William "Gipsy" Daniels (9 February 1903 – June 1967), was a Welsh Light-heavyweight boxing champion of Britain who, in an eighteen-year career, took in 141 contests, including eight fights in New York City, and notably knocked out Max Schmeling in the first round of a 1928 encounter.

There is some confusion as to Daniels' actual name and place of birth. Though a definitive answer was given in Tony Lee's 2009 publication which printed a copy of his birth certificate. Daniels was born in Llanelli on 9 February 1903 as William Daniel to David John Daniel and Francis Ann Roberts. His father was a successful rugby player who represented Llanelli and Wales.

Boxing career
Daniels began his career boxing in contests in his home area of South Wales, and as an eighteen-year-old he fought under the name "Young Daniel" as a middleweight. By the end of 1920 he was boxing in Kent, and managed to win a couple of fights against similarly inexperienced opposition. On 24 February 1921, Daniels fought his first veteran boxer when he was carded to face Belgian Rene DeVos at The Ring in Blackfriars, London. DeVos already had 58 bouts under his belt, 37 of them wins, including a defeat over Daniels' fellow countryman Frank Moody. Daniels lost the 20 round fight on points.

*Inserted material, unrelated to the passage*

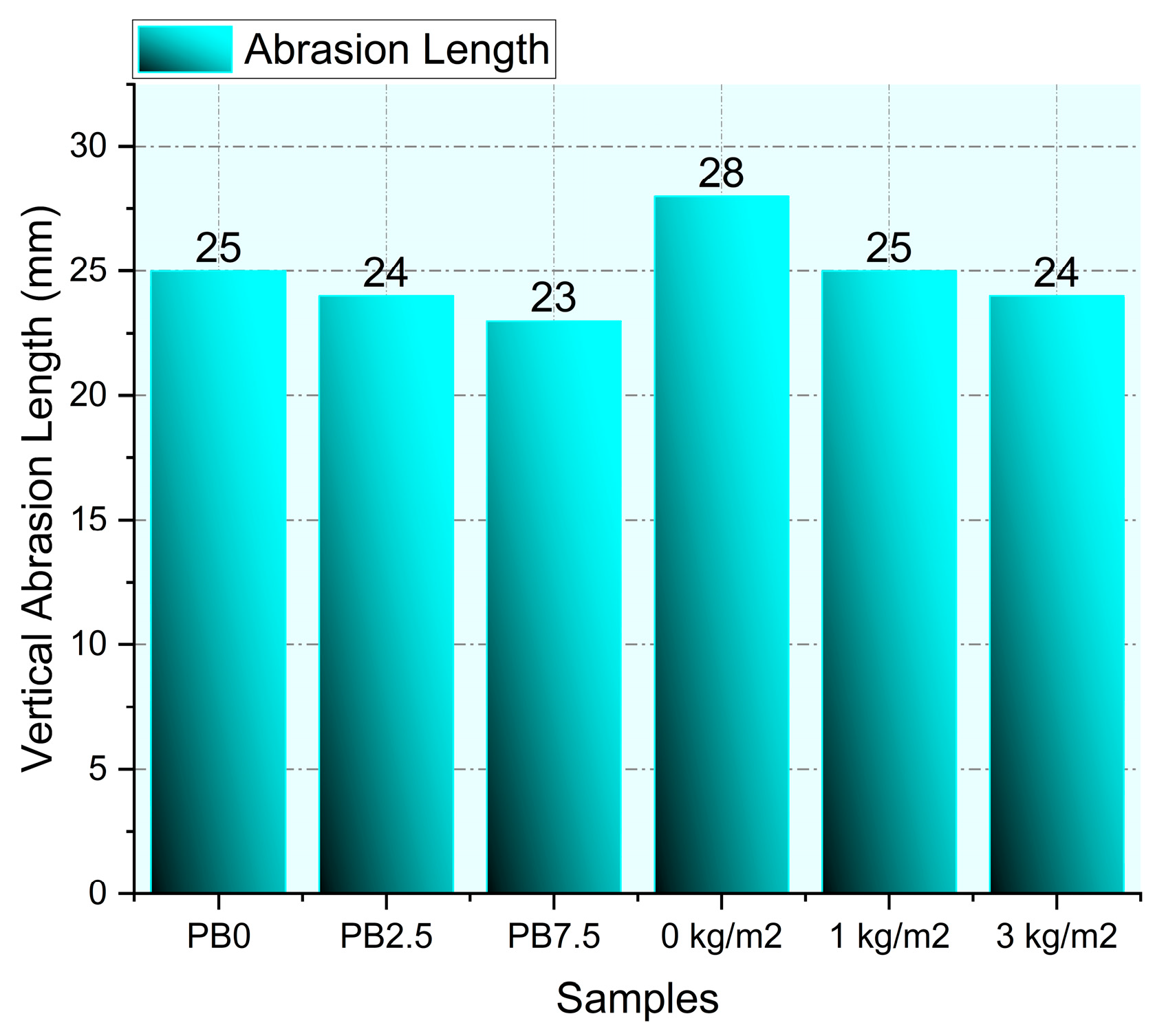 Figure 5. Vertical abrasion lengths of PB0, PB2.5, and PB7.5 specimens and 0 kg/m2, 1 kg/m2, and 3 kg/m2 (50 × 80 × 200 mm3) specimens.

By the end of 1921, Daniels had amassed a fighting record of eleven wins, six losses and two draws. In March 1922 he won a heavyweight competition at Blackfriars, and in October of that year he was fighting at the Pioneer Sporting Club in New York. It was around this time that Daniels was introduced to James J. Johnston, a local boxing promoter. Johnston decided that Daniels needed a gimmick to sell himself to the public, and decided that he looked "like a gypsy". Johnston took Daniels to a Woolworths five-and-ten-cent store and dressed him in cheap bandanna headscarves and hooped earrings. Johnston dubbed him 'Gypsey Daniels', though the most commonly used spelling of his nickname was 'Gipsy'. Daniels fought eight times in New York, including two contests at Madison Square Garden, before returning to Great Britain.

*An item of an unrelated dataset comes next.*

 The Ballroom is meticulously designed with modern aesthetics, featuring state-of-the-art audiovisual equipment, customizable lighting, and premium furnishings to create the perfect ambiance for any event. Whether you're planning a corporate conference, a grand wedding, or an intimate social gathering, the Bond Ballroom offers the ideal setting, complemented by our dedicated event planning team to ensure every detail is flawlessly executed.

Daniels continued fighting in Wales and England, but in September 1925 he travelled to mainland Europe for the first time in his career, to face Swedish boxer Harry Persson at the Cirkus in Stockholm. Although Daniels lost the bout on points, on his return to Britain he began his most successful period of boxing, remaining undefeated for the next 18 fights. After a win over Frank Moody in April 1927 which earned him the Welsh Light Heavyweight belt, Daniels faced Tom Berry for the British Light-Heavyweight Championship Belt. Daniels won the 20 round bout on points, but he faced a dilemma as to whether to defend the title as the National Sporting Club (NSC), who controlled boxing in Great Britain, offered far lower purses than outside promoters. Daniels chose to fight for a non-NSC affiliated promoter to maximise his income, giving up his newly acquired title.

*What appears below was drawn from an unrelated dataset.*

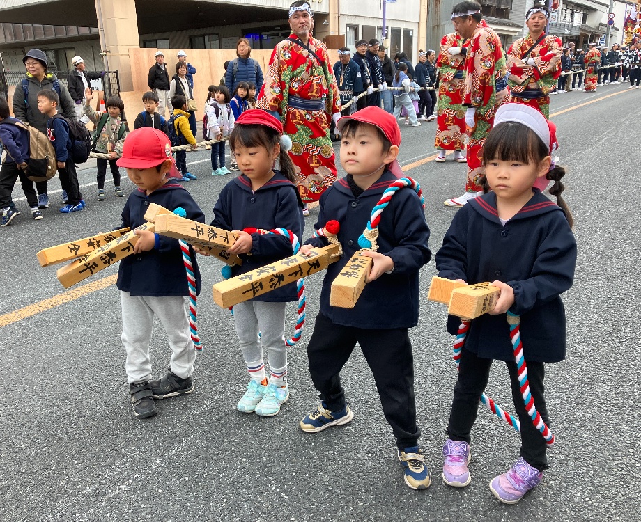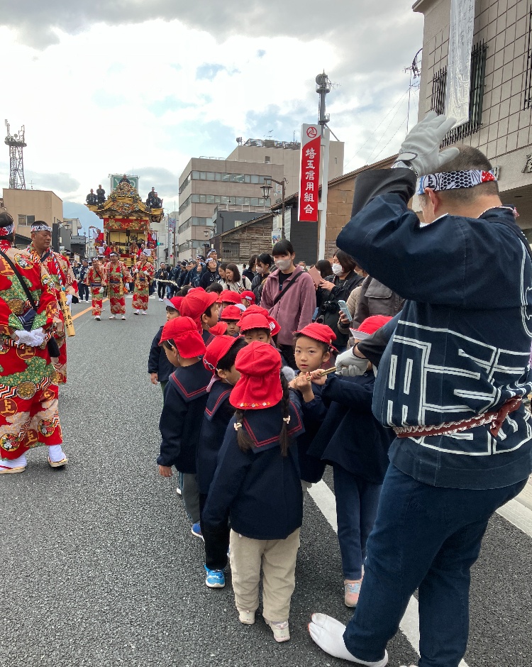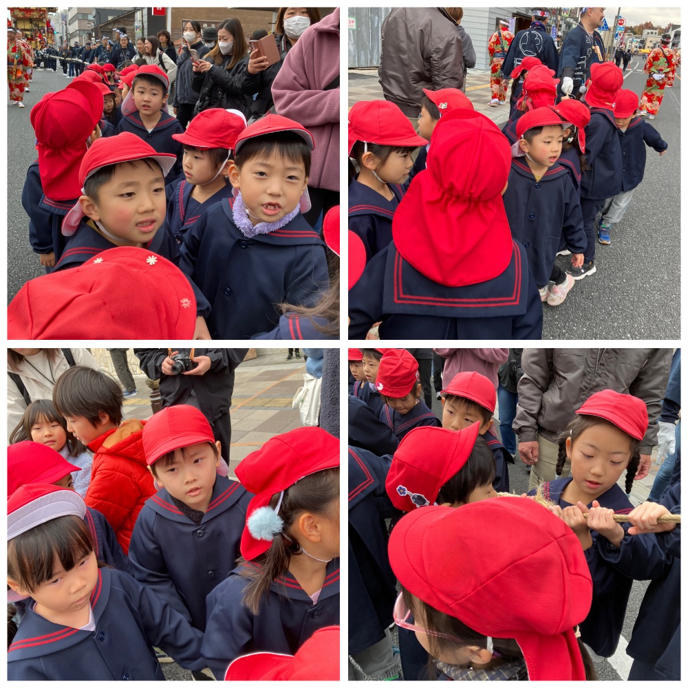 子ども達みんなが楽しみにしている≪秩父夜祭≫年長さんが≪上町屋台≫をひいてきました。「わっしょい!わっしょい!」と元気いっぱいの声が響きます‼
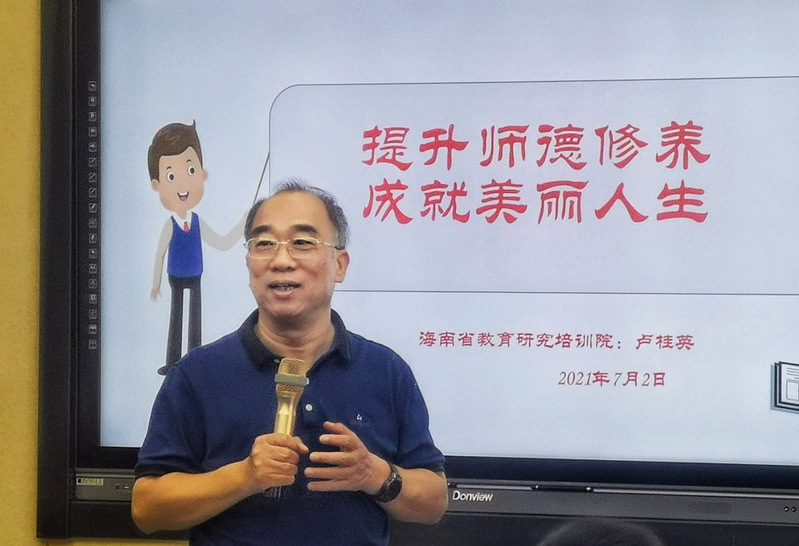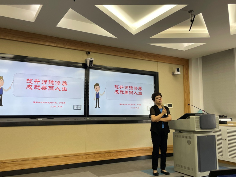 ▲海南省教育研究培训院副院长卢桂英作专题讲座

In January 1928, Daniels lost a bout to German, Max Schmeling followed by a defeat to Len Johnson, but in a rematch with Schmeling on 25 February he knocked out the German in the first round. Daniels career continued without the success of his earlier years, losing twice to Walter Neusel in Germany, but beating and drawing with Jack London before London became British and Commonwealth Champion.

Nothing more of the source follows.